Activity:
The listing, minus its pictures, is to be given again exactly.
··········
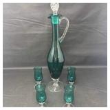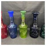 - Lot #33 - Vintage Art Glass Bottles Colorful Decanters in Red, Blue, Green & Dark Glass (Set of 5)
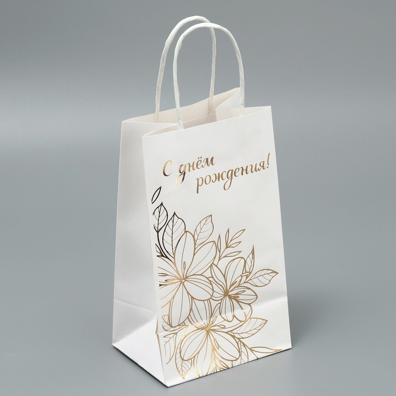 Пакет подарочный крафтовый, упаковка, С днём рождения! , 12 х 21 х 9 см информация:
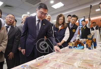 台灣高等檢察署與法務部調查局2日上午共同舉辦2025年「第13波安居緝毒暨重大毒品案件」成果記者會,行政院長卓榮泰(前左)出席視導台越跨境合作查獲雙獅牌海洛因磚52塊案件成果。
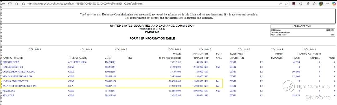 While his company, Scion Asset Management, filed a 13F document showing it held put options that give their holder the right to sell 5 million Palantir shares and put options on 1 million $NVIDIA (NVDA.US)$ shares, the document was based on positions as of Sept. 30 and the holdings in the portfolio may have changed since then.
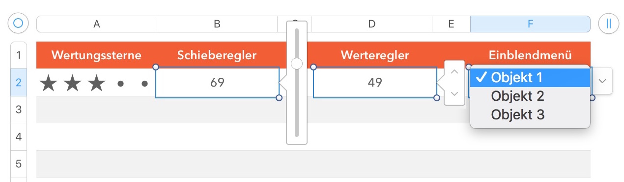 • Schieberegler – Um Zahlenwerte mit der Maus zu verändern, kann man den Schieberegler verwenden. Der Regler lässt sich verschieben womit sich der Wert in der Zelle erhöht oder verringert. Man kann das Maximum, Minimum und das Intervall festlegen sowie das angezeigte Zahlenformat (Euro, Prozent etc.) mit Ausnahme von Zeit und Dauer.
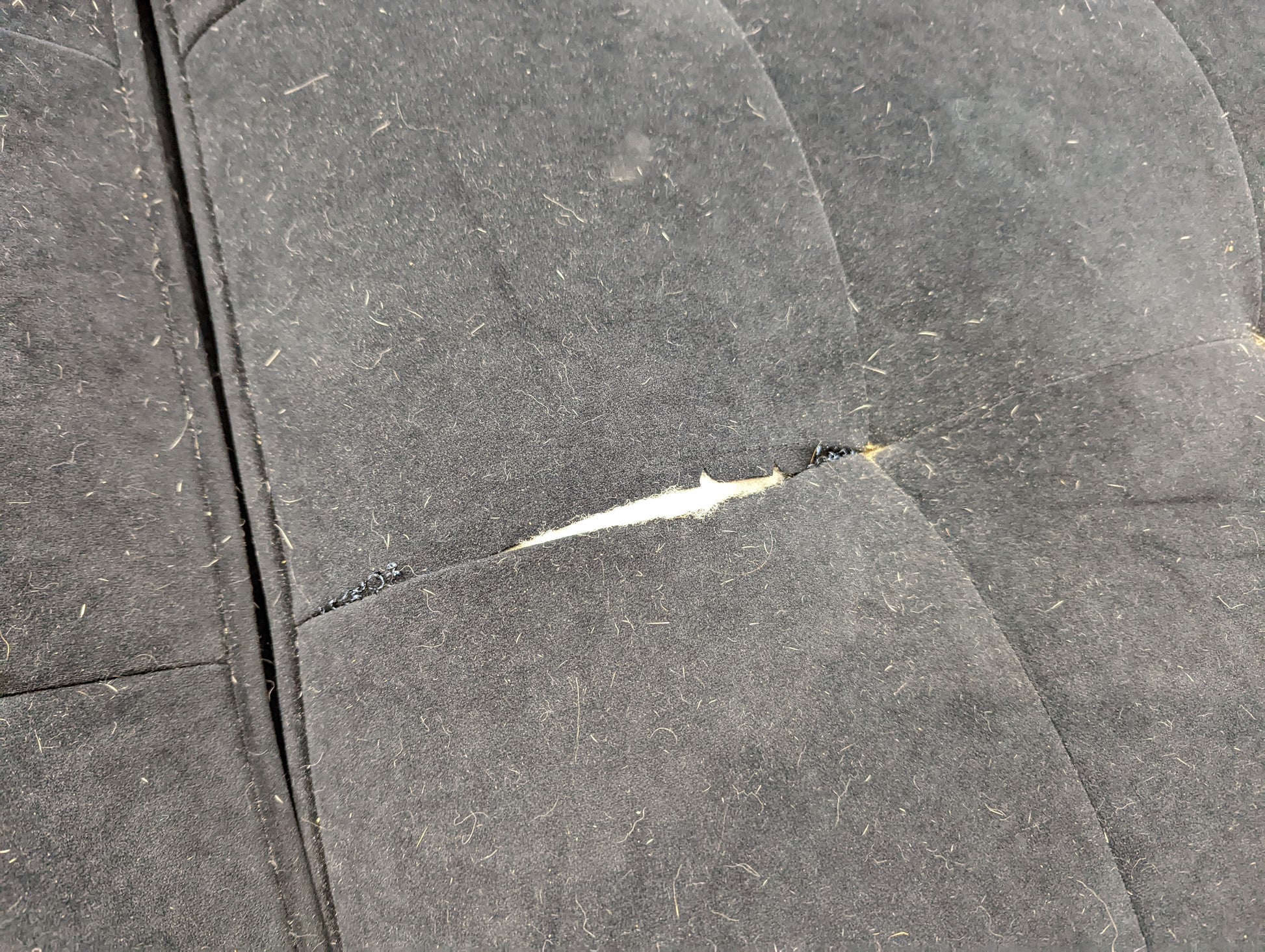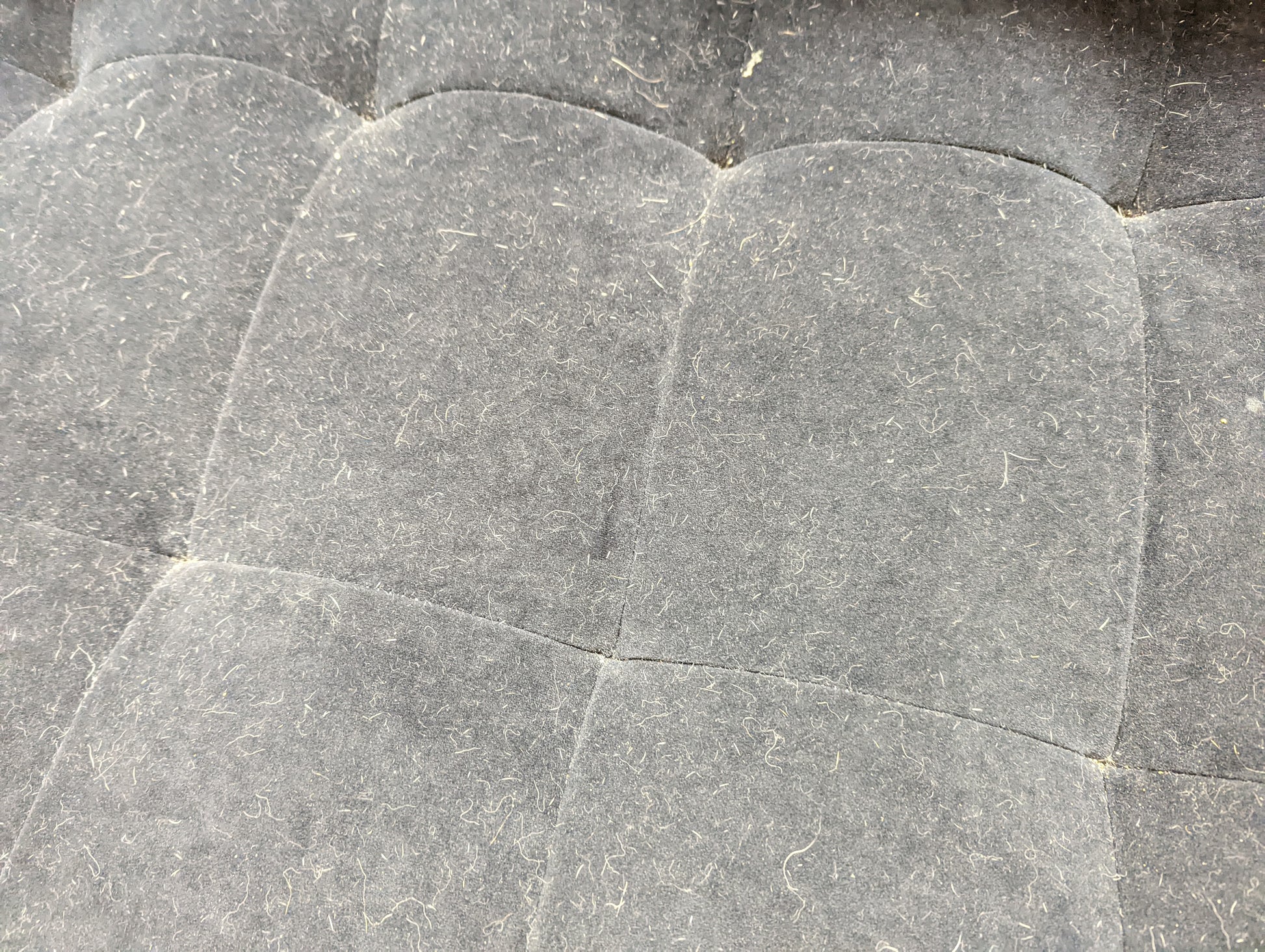 item is full of pet hairs has stitching come undone on seat and missing feet
··········
Answer to the problem:
 - Lot #33 - Vintage Art Glass Bottles Colorful Decanters in Red, Blue, Green & Dark Glass (Set of 5)
 Пакет подарочный крафтовый, упаковка, С днём рождения! , 12 х 21 х 9 см информация:
 台灣高等檢察署與法務部調查局2日上午共同舉辦2025年「第13波安居緝毒暨重大毒品案件」成果記者會,行政院長卓榮泰(前左)出席視導台越跨境合作查獲雙獅牌海洛因磚52塊案件成果。
 While his company, Scion Asset Management, filed a 13F document showing it held put options that give their holder the right to sell 5 million Palantir shares and put options on 1 million $NVIDIA (NVDA.US)$ shares, the document was based on positions as of Sept. 30 and the holdings in the portfolio may have changed since then.
 • Schieberegler – Um Zahlenwerte mit der Maus zu verändern, kann man den Schieberegler verwenden. Der Regler lässt sich verschieben womit sich der Wert in der Zelle erhöht oder verringert. Man kann das Maximum, Minimum und das Intervall festlegen sowie das angezeigte Zahlenformat (Euro, Prozent etc.) mit Ausnahme von Zeit und Dauer.
 item is full of pet hairs has stitching come undone on seat and missing feet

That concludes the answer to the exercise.